Hildebrand persuaded the Monuments Men that he was a victim of the Nazis. They had fired him from two museums. They called him a “mongrel” because of his Jewish grandmother. He was doing what he could to save these wonderful and important maligned pictures, which would otherwise have been burned by the SS. He assured them he never bought a painting that wasn’t offered voluntarily.
Later in 1945, Baron von Pölnitz was arrested and the Gurlitts were joined by more than 140 emaciated, traumatized survivors of the concentration camps, most of them under 20. Aschbach Castle had been made into a displaced-persons camp.
The Monuments Men eventually returned 165 of Hildebrand’s pieces but kept the rest, which clearly had been stolen, and their investigation of his wartime activities and his art collection was closed. What they didn’t know was that Hildebrand had lied about his collection having been destroyed in Dresden—much of it had actually been hidden in a Franconia water mill and in another secret location, in Saxony.

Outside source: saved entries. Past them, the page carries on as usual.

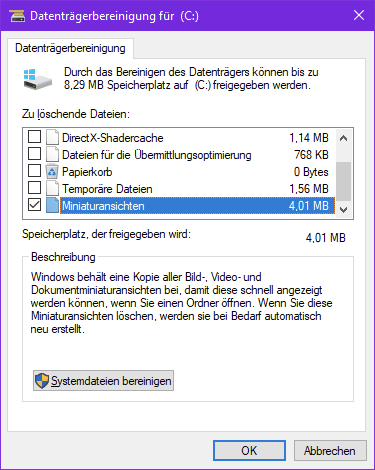 Aber einfacher geht es über die Datenträgerbereinigung wie im Beitrag #20 beschrieben, da können die Miniaturansichten auch gelöscht werden - hatte nicht mehr daran gedacht, dass diese im Dialog enthalten sind.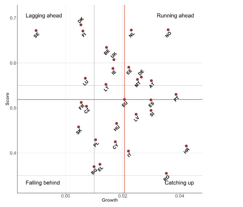 Figur 6.2 Figure 4.9 Norway’s ranking in the DESI index for 2016, given overall score and growth rate.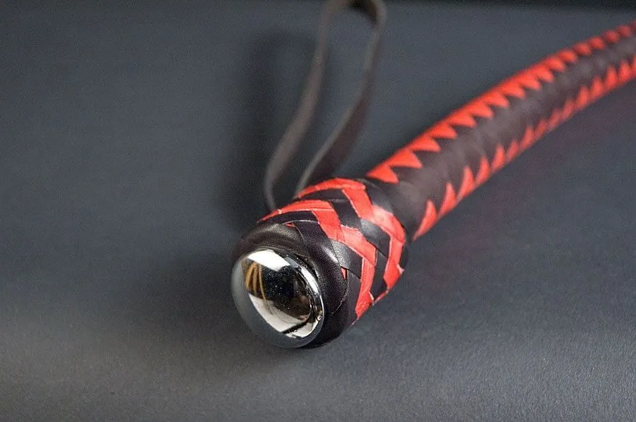 Короткий кнут "Ответный выпад" с 8 хвостами от бренда Beastly добавит острых ощущений в интимную жизнь пары. Такой аксессуар пригодится во время ролевых игр с элементами БДСМ, когда Вы хотите наказать своего партнера и преподать ему урок послушания. Кнут сделан из натуральной кожи черного и красного цветов, у него есть гибкая плетеная ручка, переходящая в кнутовище для руки в виде цилиндра с навершием и петлей для фиксации. Плетение восьмиполосное "елочкой" с узелком и кисточкой на конце, которую можно будет применять как для нанесения ударов, так и для дразнящих поглаживаний.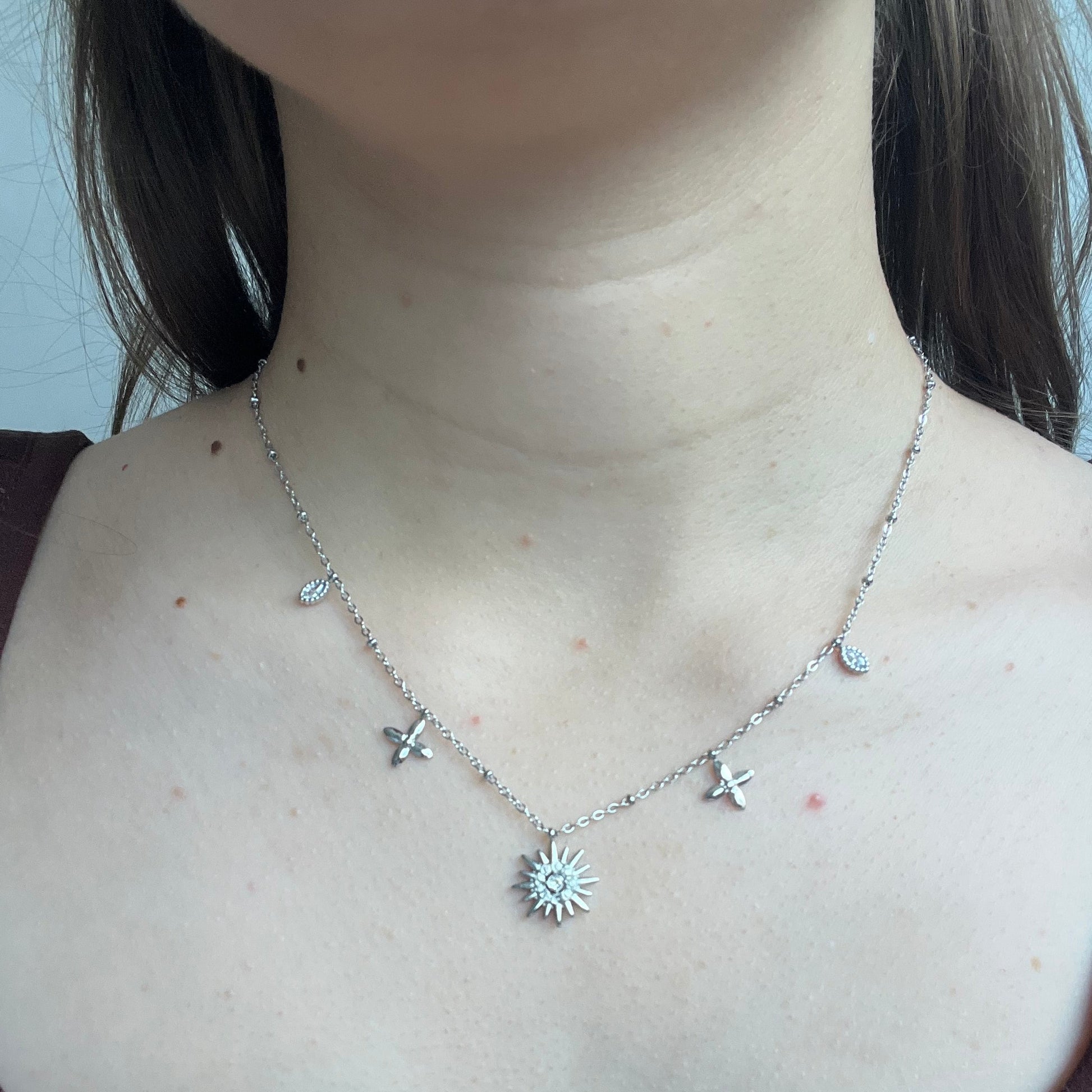 Découvrez le collier Andréa en acier inoxydable 316, un collier délicat qui habille le cou avec ses breloques fines. Parfait pour un usage quotidien, ce collier résistant à l’eau s’adapte à tous vos styles. Disponible en doré et argenté.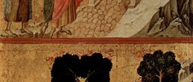 Sopra - CRISTO E I PELLEGRINI VERSO EMMAUS: Questo, l'ultimo riquadro del ciclo, ha una grande forza evocativa: la città palestinese si presenta agli occhi dei pellegrini, imponente e splendente, ben stabile sulle rocce in uno sfondo dorato.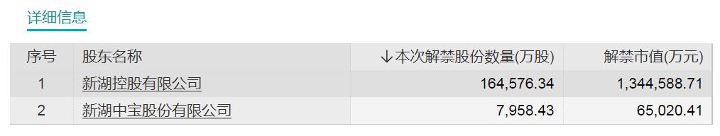 解禁市值居第二的湘財(cái)股份,解禁股東為新湖控股有限公司、新湖中寶(600208)股份有限公司,其中新湖控股有限公司為湘財(cái)股份第一大股東。下周解禁的股份來自湘財(cái)股份2020年6月實(shí)施的定向增發(fā)股份,彼時(shí)湘財(cái)股份的定增發(fā)行價(jià)為4.79元/股。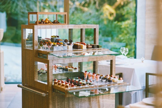 パティシエ 荒木監修による、デザートワゴンをお愉しみいただける平日限定のランチコースです。メインディッシュは魚料理または肉料理からお選びいただき、通常のデザートの代わりに、パティシエ特製のデザートワゴンをお席までお持ちいたします。産地限定のシングルオリジンのチョコレートやリキュールなどのお酒を用いた大人のボンボンをご用意し、この時期しか味わえないデザートをお好きなだけご堪能いただけます。バレンタインのひとときを、大切な方とゆっくりお過ごしください。

After the war, with his collection largely intact, Hildebrand moved to Düsseldorf, where he continued to deal in artworks. His reputation sufficiently rehabilitated, he was elected the director of the Kunstverein, the city’s venerable art institution. What he had had to do in the war was becoming more and more a fading memory. In 1956, Hildebrand was killed in a car crash.
In 1960, Helene sold four paintings from her late husband’s collection, one of them a portrait of Bertolt Brecht by Rudolf Schlichter, and bought two apartments in an expensive new building in Munich.
Not much is known about Cornelius’s upbringing. When the Allies came to the castle, Cornelius was 12, and he and his sister, Benita, were soon sent off to boarding school. Cornelius was an extremely sensitive, desperately shy boy. He studied art history at the University of Cologne and took courses in music theory and philosophy, but for unknown reasons he broke off his studies. He seemed content to be alone, a reclusive artist in Salzburg, his sister reported to a friend in 1962. Six years later, their mother died. Since then, Cornelius has divided his time between Salzburg and Munich and appears to have been spending increasing amounts of time in the Schwabing apartment with his pictures. For the last 45 years, he seems to have had almost no contact with anybody, apart from his sister, until her death, two years ago, and his doctor, reportedly in Würzburg, a small city three hours from Munich by train, whom he went to see every three months.